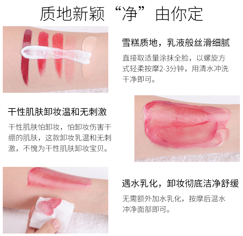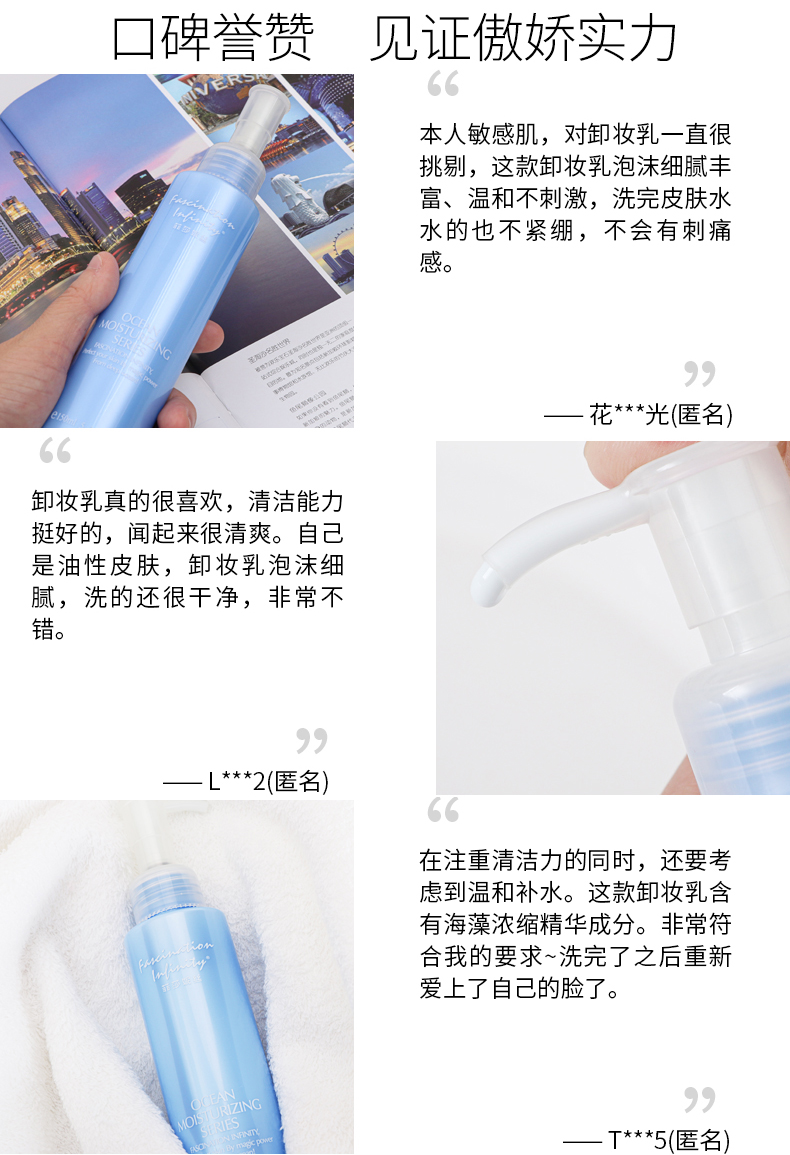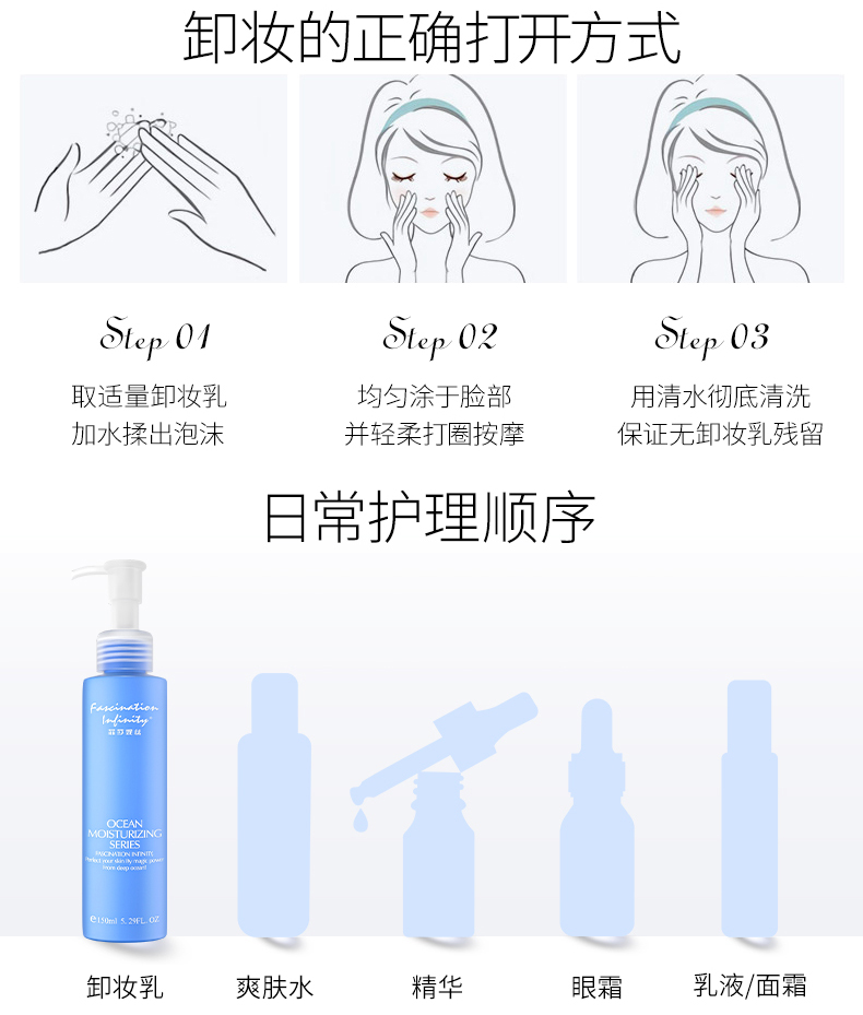 优异保湿果的柔和卸妆乳,温和无刺激,能溶解彩妆及多余油脂,轻盈完整地包覆您的脸,轻松卸除脸部污垢,蕴含深海多种天然保湿成分,可软化肌肤老死,恢复肌肤的弹力与张力,令卸妆后的肌肤水润舒爽,无紧绷干涩的感觉。
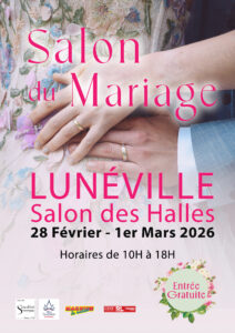 Nous serions ravis de vous rencontrer au Salon du Mariage de Lunéville, où nous serons présents les 28 février et 1er mars 2026, à la Salle des Halles, de 10h00 à 18h00. L’entrée est gratuite. Au plaisir d’échanger avec vous lors de cet événement. Belle journée à vous.
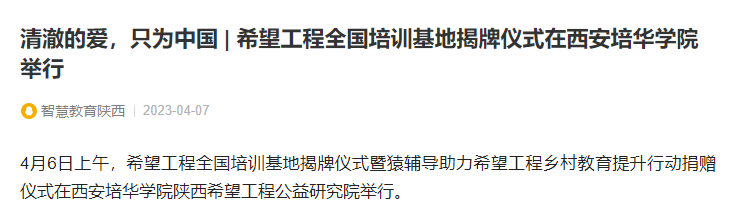 此次挂牌的希望工程全国培训基地坐落于西安培华学院陕西希望工程公益研究院。2020年11月20日,为深入学习贯彻落实习近平总书记对希望工程寄语精神,推动新时代陕西希望工程事业发展,团省委、省青基会联合西安培华学院成立了西安培华学院陕西希望工程公益研究院,通过公益研究院的组织和平台建设,促进陕西希望工程在聚焦定位、战略转型、提档升级和制度治理等方面实现质的飞跃。挂牌希望工程全国培训基地后,这里将成为希望工程助力青少年公益事业健康发展的助推器、凝聚爱心力量服务青少年成长发展的桥头堡、宣传弘扬新时代希望工程精神内涵的大平台。

- - - - -

* GOAL OF THE EXERCISE *
Extract every line of the data exactly; pictures stay out.

* ANSWER AREA *
 优异保湿果的柔和卸妆乳,温和无刺激,能溶解彩妆及多余油脂,轻盈完整地包覆您的脸,轻松卸除脸部污垢,蕴含深海多种天然保湿成分,可软化肌肤老死,恢复肌肤的弹力与张力,令卸妆后的肌肤水润舒爽,无紧绷干涩的感觉。
 Nous serions ravis de vous rencontrer au Salon du Mariage de Lunéville, où nous serons présents les 28 février et 1er mars 2026, à la Salle des Halles, de 10h00 à 18h00. L’entrée est gratuite. Au plaisir d’échanger avec vous lors de cet événement. Belle journée à vous.
 此次挂牌的希望工程全国培训基地坐落于西安培华学院陕西希望工程公益研究院。2020年11月20日,为深入学习贯彻落实习近平总书记对希望工程寄语精神,推动新时代陕西希望工程事业发展,团省委、省青基会联合西安培华学院成立了西安培华学院陕西希望工程公益研究院,通过公益研究院的组织和平台建设,促进陕西希望工程在聚焦定位、战略转型、提档升级和制度治理等方面实现质的飞跃。挂牌希望工程全国培训基地后,这里将成为希望工程助力青少年公益事业健康发展的助推器、凝聚爱心力量服务青少年成长发展的桥头堡、宣传弘扬新时代希望工程精神内涵的大平台。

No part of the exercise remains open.